### EXERCISE DIRECTIONS:
Take the data below and copy exactly the lines starting at the one with "Сушка помещений в" and finishing at the one with "本次大赛是教育部牵头组织的职", both included.

### MATERIAL FOR THIS TASK:
──────────
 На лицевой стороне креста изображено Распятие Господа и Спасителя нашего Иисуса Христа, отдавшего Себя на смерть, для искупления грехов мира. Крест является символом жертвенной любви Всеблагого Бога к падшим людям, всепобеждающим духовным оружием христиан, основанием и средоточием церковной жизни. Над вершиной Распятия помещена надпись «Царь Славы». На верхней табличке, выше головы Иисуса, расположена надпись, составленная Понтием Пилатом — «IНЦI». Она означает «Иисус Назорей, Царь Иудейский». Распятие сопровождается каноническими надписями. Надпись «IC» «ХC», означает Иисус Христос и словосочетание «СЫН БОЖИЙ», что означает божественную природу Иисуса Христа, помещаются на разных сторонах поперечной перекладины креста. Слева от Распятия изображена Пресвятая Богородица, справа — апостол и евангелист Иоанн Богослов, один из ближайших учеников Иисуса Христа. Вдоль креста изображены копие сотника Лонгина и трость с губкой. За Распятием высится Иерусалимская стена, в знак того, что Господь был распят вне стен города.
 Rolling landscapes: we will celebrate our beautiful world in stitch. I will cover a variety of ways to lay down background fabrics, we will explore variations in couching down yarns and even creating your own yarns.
──────────
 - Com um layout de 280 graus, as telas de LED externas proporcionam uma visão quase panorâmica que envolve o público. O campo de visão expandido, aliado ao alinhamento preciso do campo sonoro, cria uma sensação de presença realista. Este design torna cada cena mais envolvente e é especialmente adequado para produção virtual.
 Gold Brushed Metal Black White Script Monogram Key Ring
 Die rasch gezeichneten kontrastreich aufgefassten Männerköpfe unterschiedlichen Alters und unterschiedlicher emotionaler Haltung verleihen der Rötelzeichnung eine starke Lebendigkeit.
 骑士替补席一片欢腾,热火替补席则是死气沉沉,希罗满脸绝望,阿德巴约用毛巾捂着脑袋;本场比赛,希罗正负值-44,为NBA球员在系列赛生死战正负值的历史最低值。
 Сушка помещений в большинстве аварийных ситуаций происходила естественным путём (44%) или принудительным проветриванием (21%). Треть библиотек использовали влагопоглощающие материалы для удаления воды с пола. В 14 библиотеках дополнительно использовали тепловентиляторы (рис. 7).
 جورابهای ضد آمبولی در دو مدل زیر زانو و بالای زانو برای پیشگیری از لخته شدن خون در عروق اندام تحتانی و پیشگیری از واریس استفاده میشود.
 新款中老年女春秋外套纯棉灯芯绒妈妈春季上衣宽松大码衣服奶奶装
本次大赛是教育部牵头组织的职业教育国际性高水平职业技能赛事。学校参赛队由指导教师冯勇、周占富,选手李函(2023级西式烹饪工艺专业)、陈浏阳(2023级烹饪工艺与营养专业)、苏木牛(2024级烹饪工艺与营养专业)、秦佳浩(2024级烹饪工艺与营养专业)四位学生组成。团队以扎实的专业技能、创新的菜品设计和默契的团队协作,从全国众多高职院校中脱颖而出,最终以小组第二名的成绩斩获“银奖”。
──────────
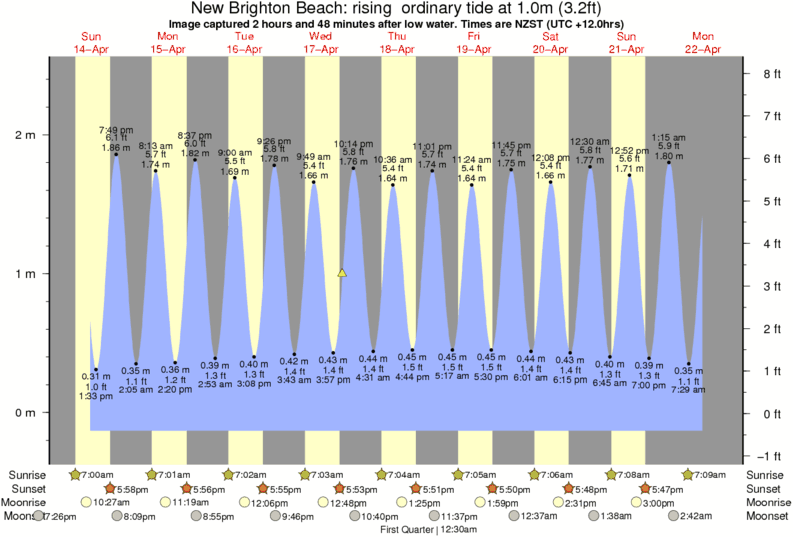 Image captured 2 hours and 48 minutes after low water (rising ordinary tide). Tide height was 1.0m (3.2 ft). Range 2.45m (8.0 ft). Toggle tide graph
──────────
### OUTPUT OF THE TASK:
 Сушка помещений в большинстве аварийных ситуаций происходила естественным путём (44%) или принудительным проветриванием (21%). Треть библиотек использовали влагопоглощающие материалы для удаления воды с пола. В 14 библиотеках дополнительно использовали тепловентиляторы (рис. 7).
 جورابهای ضد آمبولی در دو مدل زیر زانو و بالای زانو برای پیشگیری از لخته شدن خون در عروق اندام تحتانی و پیشگیری از واریس استفاده میشود.
 新款中老年女春秋外套纯棉灯芯绒妈妈春季上衣宽松大码衣服奶奶装
本次大赛是教育部牵头组织的职业教育国际性高水平职业技能赛事。学校参赛队由指导教师冯勇、周占富,选手李函(2023级西式烹饪工艺专业)、陈浏阳(2023级烹饪工艺与营养专业)、苏木牛(2024级烹饪工艺与营养专业)、秦佳浩(2024级烹饪工艺与营养专业)四位学生组成。团队以扎实的专业技能、创新的菜品设计和默契的团队协作,从全国众多高职院校中脱颖而出,最终以小组第二名的成绩斩获“银奖”。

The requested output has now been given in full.